# Computer Vision

## Image Representation

__Gradient descent__ is a a mathematical way to minimize error in a neural network. More information on this minimization method can be found [here](https://en.wikipedia.org/wiki/Gradient_descent).

__Convolutional neural networks__ are a specific type of neural network that are commonly used in computer vision applications. They learn to recognize patterns among a given set of images. If you want to learn more, refer to [this resource](https://ujjwalkarn.me/2016/08/11/intuitive-explanation-convnets/), and we'll be learning more about these types of networks, and how they work step-by-step, at a different point in this course!

### Images as Numerical Data
Every pixel in an image is just a numerical value and, we can also change these pixel values. We can multiply every single one by a scalar to change how bright the image is, we can shift each pixel value to the right, and many more operations!

__Treating images as grids of numbers is the basis for many image processing techniques.__

Most color and shape transformations are done just by mathematically operating on an image and changing it pixel-by-pixel.

### Color Images
Color images are interpreted as 3D cubes of values with width, height, and depth!

The depth is the number of colors. Most color images can be represented by combinations of only 3 colors: red, green, and blue values; these are known as RGB images. And for RGB images, the depth is 3!

It’s helpful to think of the depth as three stacked, 2D color layers.

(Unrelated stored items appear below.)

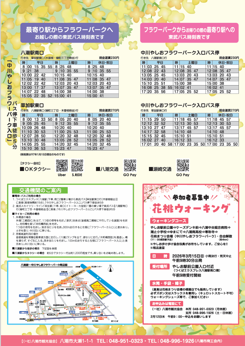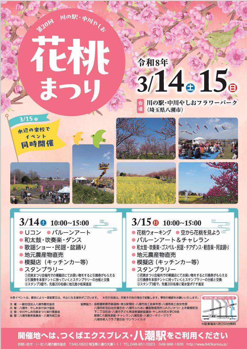 春の訪れを告げる恒例イベント「川の駅・中川やしおフラワーパーク 花桃まつり」が、3月14日(土)・15日(日)の2日間、開催されます。昨年は市内で発生した道路陥没事故の影響により中止となりましたが、今年は第20回の節目として、あらためて春のにぎわいが戻ってきます。
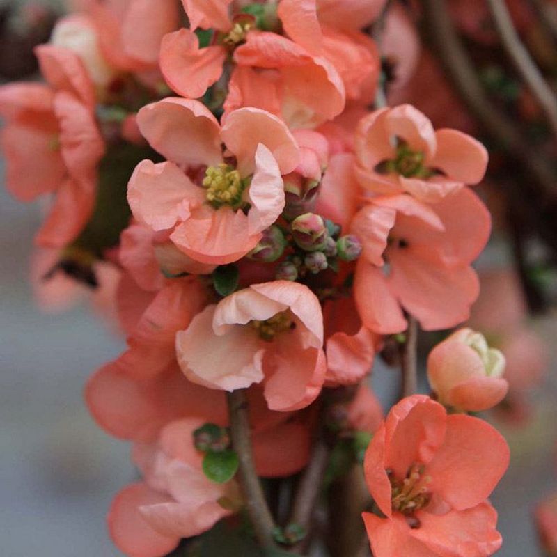 Айва «Салмон Горизон» (Chaenomeles × superba Salmon Horizon) – популярный декоративный кустарник, который высоко ценится за крупные цветки нежного лососево-розового оттенка и раскидистую форму роста. Это листопадный кустарник, достигающий во взрослом состоянии высоты 0,8-1,5 м при диаметре кроны 1,2-1,5 м, формирующий живописную, горизонтально направленную форму с изящно склоненными ветвями. Листья овальные, глянцевые, темно-зеленые, с мелкозубчатым краем. Цветки крупные (диаметром 3,5-4,5 см), нежного лососево-розового цвета с золотистыми тычинками, обильно покрывают ветви в апреле-мае. Плоды ароматные, желто-зеленые, созревают в сентябре.
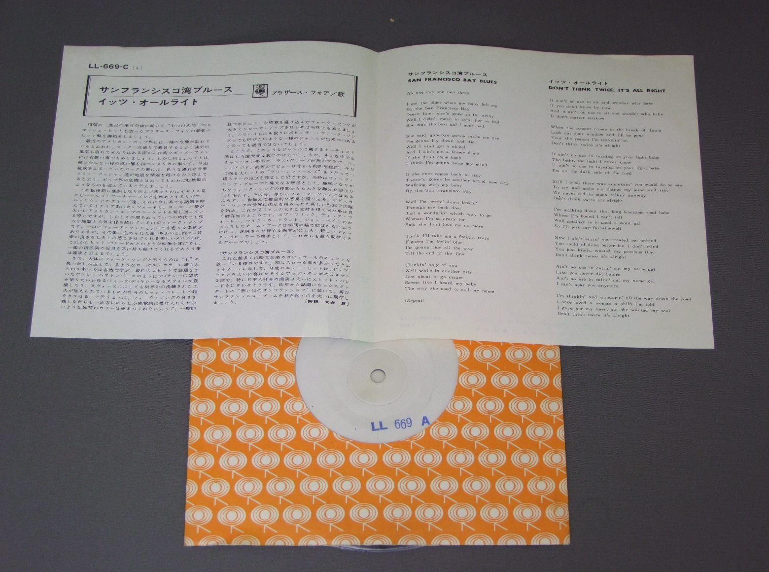 BROTHERS FOURブラザース・フォア/SAN FRANCISCO BAY BLUES EPサンフランシスコ湾ブルース4曲入EP LL669C 製造国:日本盤 / Media:7inch外観:EX盤の状態:EX+ 価格(税込):¥440(売約済) 送料 7inch:定形外郵便 360円~LP:定形外郵便 660円~送料は、注文の最終画面で確認頂けます。 > > BROTHERS FOUR/SAN FRANCISCO BAY BLUES EP 外観 (EX)特記事項:特記なし。コンディションリストを参照ください。外観EXの共通説明:ダメージが限定的。中古品としては保存状態がよい方。シミ、ヨゴレ、スレ 少し~軽度。 盤の状態 (EX+)特記事項:極薄いスリキズ・スレ少し。一見してきれいな状態です。盤EX+の共通説明:盤面の極薄いスリキズ、スレ少し程度 音に出そうなものは無いように見える(極軽微なソフトティック音は除く)。 その他:白見本盤 Tweet それぞれの画像をクリックすると、大きい写真が見られます こちらの商品もお勧めです 770円 BROTHERS FOURブラザース・フォア / HONEY WIND BLOWSビッグ・フォーク・ヒッツ 第3集 770円 NITTY GRITTY DIRT BANDニッティー・グリッティー・ダート・バンド / UNCLE CHARLIE & HIS DOG TEDDYアンクル・チャーリーと愛犬テディー 660円 JOAN BAEZジョーン・バエズ / JOAN自由の女神 990円 KITTY WELLSキティ・ウェルズ / DUST ON THE BIBLEダスト・オン・ザ・バイブル 770円 NITTY GRITTY DIRT BANDニッティー・グリッティー・ダート・バンド / STARS&STRIPES FOREVER星条旗よ永遠なれ! 1,320円 JOAN BAEZジョーン・バエズ / GULF WINDSガルフ・ウィンズ 990円 PETER PAUL & MARYピーター・ポール&マリー / IN CONCERT 770円 PETER PAUL&MARYピーター・ポール&マリー / LATE AGAINレイト・アゲイン
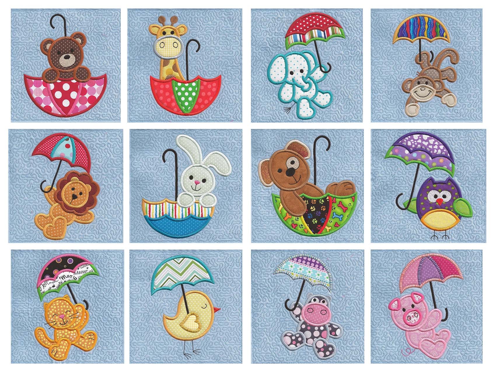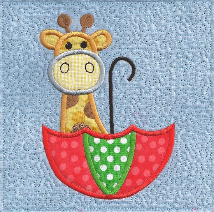 12 seriously cute baby animals with umbrellas in applique. This set is a great value with 3 different sizes per critter of *just* applique, and 4 quilt block sizes each with stippling background. A wonderfully versatile set!
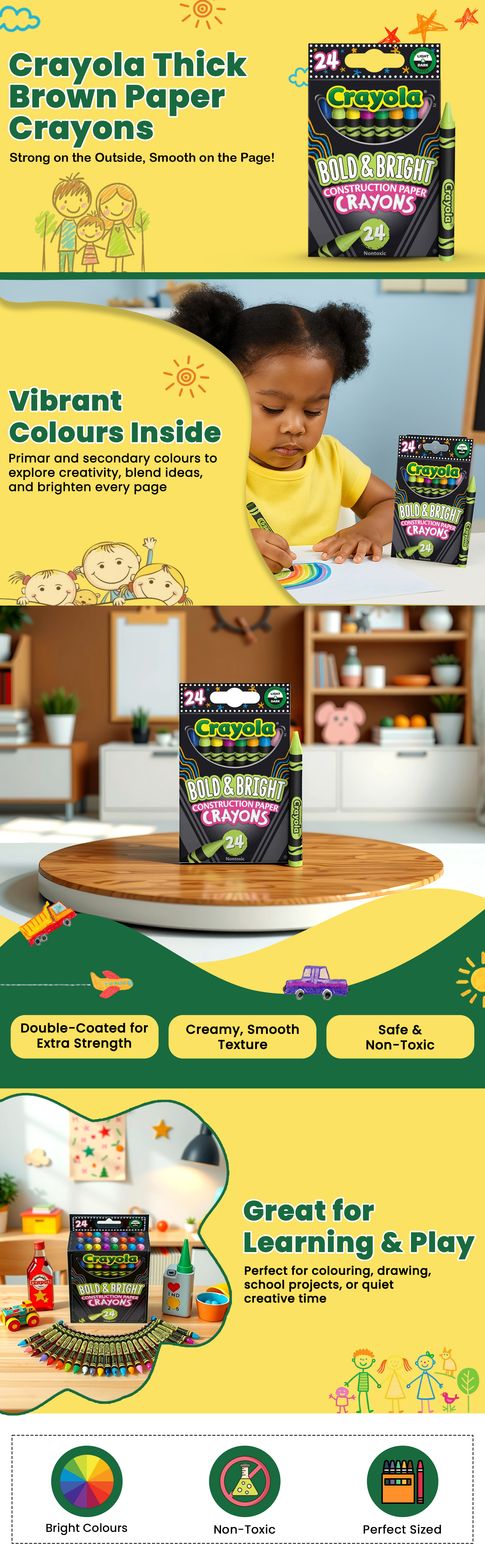 كرايولا علبة من 24 قلم شمعي للورق البني السميك بألوان زاهية للجنسين، 3-4 سنوات | متجر كانا
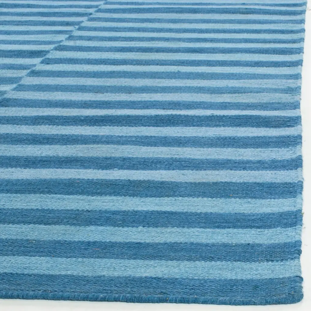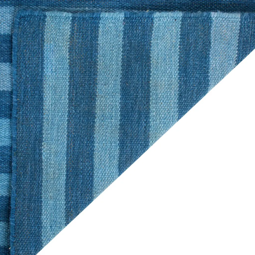 Introducing our Horizon Collection area rug, a serene and stylish addition to any space. This 4' x 6' small rectangle rug features a tranquil striped pattern, capturing the essence of calm seas and clear skies with its gradient of blue hues. The low-profile 1/8" height is perfect for seamless placement in any room, ensuring doors can swing over it easily and feet won't catch. Each strand of this hand-woven masterpiece is meticulously crafted from durable polyester, guaranteeing a soft texture underfoot and long-lasting resilience to daily wear. Constructed with unparalleled attention to detail, this rug echoes the ancient traditions of Indian rug making, bringing a piece of artistic heritage into your home. Whether you're creating a coastal retreat, a minimalist sanctuary, or a contemporary living area, this Horizon area rug is a versatile choice that complements a wide range of interior decors. Its soothing pattern adds a touch of elegance while providing the practicality you seek in a high-traffic area. Reflecting the beauty of the sky at dawn or dusk, it is sure to become a cherished element of your decor scheme.

One layer is Red, one Green, and one Blue. Together they create a complete color image.

### Importance of Color
In general, when you think of a classification challenge, like identifying lane lines or cars or people, you can decide whether color information and color images are useful by thinking about your own vision.

If the identification problem is easier in color for us humans, it’s likely easier for an algorithm to see color images too!

### OpenCV
[OpenCV](https://opencv.org/) is a popular computer vision library that has meany built in tools for image analysis and understanding!

Note: In the example above and in later examples, I'm using my own Jupyter notebook and sets of images stored on my personal computer. You're encouraged to set up a similar environment and use images of your own to practice! You'll also be given some code quizzes (coming up next), with images provided, to practice these techniques.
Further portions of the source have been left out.